_What to do_: Go to the line that contains "八日市ひだまりサロンは平成 25 年" in the listing below, then output it and every line after it exactly, omitting pictures.

_Data_:

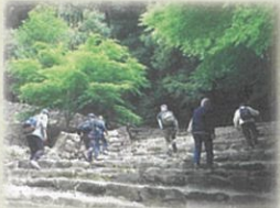
安土城址へのサイクリング & ハイキング

八日市ひだまりサロンは平成 25 年 11 月に開設、今年で 11 年目になります。毎月第 3 火曜日に、「参加者が主役」「帰るときは笑顔で」楽しく集っています。
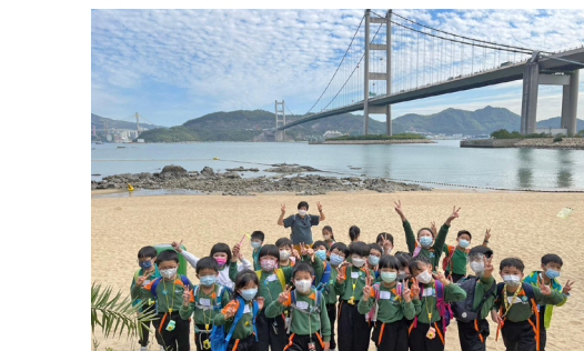
▲難得來到馬灣東灣，當然要與陽光、海灘合照

_Output of the exercise_:
八日市ひだまりサロンは平成 25 年 11 月に開設、今年で 11 年目になります。毎月第 3 火曜日に、「参加者が主役」「帰るときは笑顔で」楽しく集っています。
▲難得來到馬灣東灣，當然要與陽光、海灘合照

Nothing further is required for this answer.